Description
Fat brother and Maze are playing a kind of special (hentai) game on an N*M board (N rows, M columns). At the beginning, each grid of this board is consisting of grass or just empty and then they start to fire all the grass. Firstly they choose two grids which are consisting of grass and set fire. As we all know, the fire can spread among the grass. If the grid (x, y) is firing at time t, the grid which is adjacent to this grid will fire at time t+1 which refers to the grid (x+1, y), (x-1, y), (x, y+1), (x, y-1). This process ends when no new grid get fire. If then all the grid which are consisting of grass is get fired, Fat brother and Maze will stand in the middle of the grid and playing a MORE special (hentai) game. (Maybe it’s the OOXX game which decrypted in the last problem, who knows.)

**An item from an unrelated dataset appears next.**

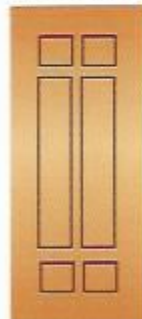
64. Союз II

You can assume that the grass in the board would never burn out and the empty grid would never get fire.
Note that the two grids they choose can be the same.
Input
The first line of the date is an integer T, which is the number of the text cases.
Then T cases follow, each case contains two integers N and M indicate the size of the board. Then goes N line, each line with M character shows the board. “#” Indicates the grass. You can assume that there is at least one grid which is consisting of grass in the board.

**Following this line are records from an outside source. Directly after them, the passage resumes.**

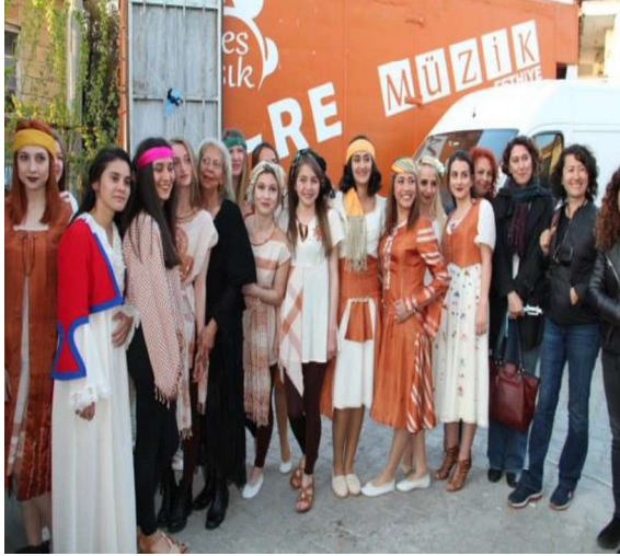
Foto 9: Yeşilüzümlü ve Bölgesi Kuzugöbeği ve Dastar Festivali (El Dokuma Dastar Giysileri Gösterisi)
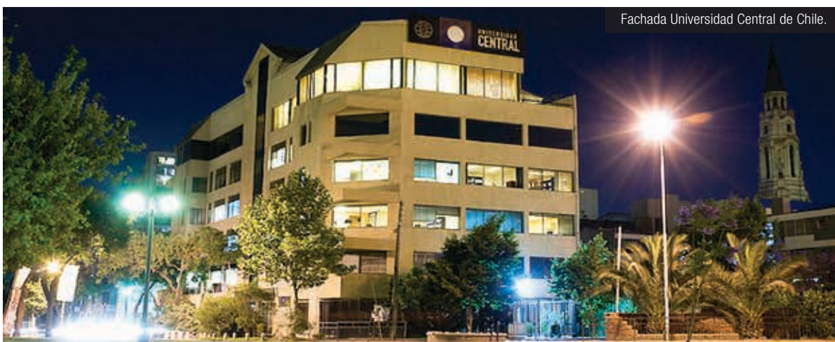
Fachada Universidad Central de Chile.
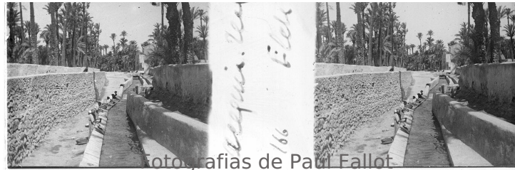
Fotografias de Paul Fallot
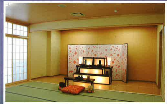
通夜・遺族控室(2室)

※祭壇は、宗旨によって多少異なります。 ※写真は一例です。御予算に応じてご相談承ります。

1 <= T <=100, 1 <= n <=10, 1 <= m <=10
Output
For each case, output the case number first, if they can play the MORE special (hentai) game (fire all the grass), output the minimal time they need to wait after they set fire, otherwise just output -1. See the sample input and output for more details.
Sample Input
4 3 3 .#. ### .#. 3 3 .#. #.# .#. 3 3 ... #.# ... 3 3 ### ..# #.#
Sample Output
Case 1: 1 Case 2: -1 Case 3: 0 Case 4: 2
第一次队内的组队赛 被虐的好惨 看来和大神实力还是有很大的差距 要努力一下了
这道题在比赛的时候没做出来 一开始想着可不可以dfs 后来思路又转到求最长的连续草的长度(事实证明这是错的
而且这道题的代码我写了一半 馒头写了一半 导致看上去非常的乱 后面很难下手去改 然后就放弃了
题意:#号是草 又两把火扔在草上面去烧 火往上下左右去蔓延 每次蔓延花费1s 问把所有的草都烧了要花多久
两把火一起bfs
赛后看学长的代码强力模仿了一波
#include <iostream>
#include <cstring>
#include <cstdio>
#include <algorithm>
#include <queue>
#include <vector>
#include <iomanip>
#include <math.h>
#include <map>
using namespace std;
#define FIN freopen("input.txt","r",stdin);
#define FOUT freopen("output.txt","w",stdout);
#define INF 0x3f3f3f3f
#define INFLL 0x3f3f3f3f3f3f3f
#define lson l,m,rt<<1
#define rson m+1,r,rt<<1|1
typedef long long LL;
typedef pair<int,int> PII;
int N,M;
char mp[15][15];
int vis[15][15];
int dx[4]={0,0,1,-1};
int dy[4]={1,-1,0,0};
struct node{
int x,y;
int time;
node(int a,int b,int c){
x=a;
y=b;
time=c;
}
};
int check(int x,int y){
return x>=0&&x<N&&y>=0&&y<M&&!vis[x][y]&&mp[x][y]=='#';
}
int bfs(int x,int y,int x2,int y2,int& tot){
queue<node>q;
q.push(node(x,y,0));
if(x!=x2||y!=y2) q.push(node(x2,y2,0));
vis[x][y]=1;
vis[x2][y2]=1;
int time=0;
while(!q.empty()){
node fro=q.front();
q.pop();
tot++;
for(int i=0;i<4;i++){
int xx=fro.x+dx[i];
int yy=fro.y+dy[i];
if(check(xx,yy)){
vis[xx][yy]=1;
q.push(node(xx,yy,fro.time+1));
time=max(time,fro.time+1);
}
}
}
return time;
}
int main()
{
//FIN
int T;
int cas=1;
scanf("%d",&T);
while(T--){
int tot=0;
scanf("%d%d",&N,&M);
for(int i=0;i<N;i++){
scanf("%s",mp[i]);
for(int j=0;j<M;j++) if(mp[i][j]=='#') tot++;
}
int ans=INF;
for(int i=0;i<N*M;i++){
int x=i/M , y=i%M;
if(mp[x][y]=='.') continue;
for(int j=i;j<N*M;j++){
int x2=j/M , y2=j%M;
if(mp[x2][y2]=='.') continue;
int t=0;
memset(vis,0,sizeof(vis));
int now=bfs(x,y,x2,y2,t);
if(t!=tot) continue;
ans=min(ans,now);
}
}
printf("Case %d: %d
",cas++,ans==INF ? -1:ans);
}
}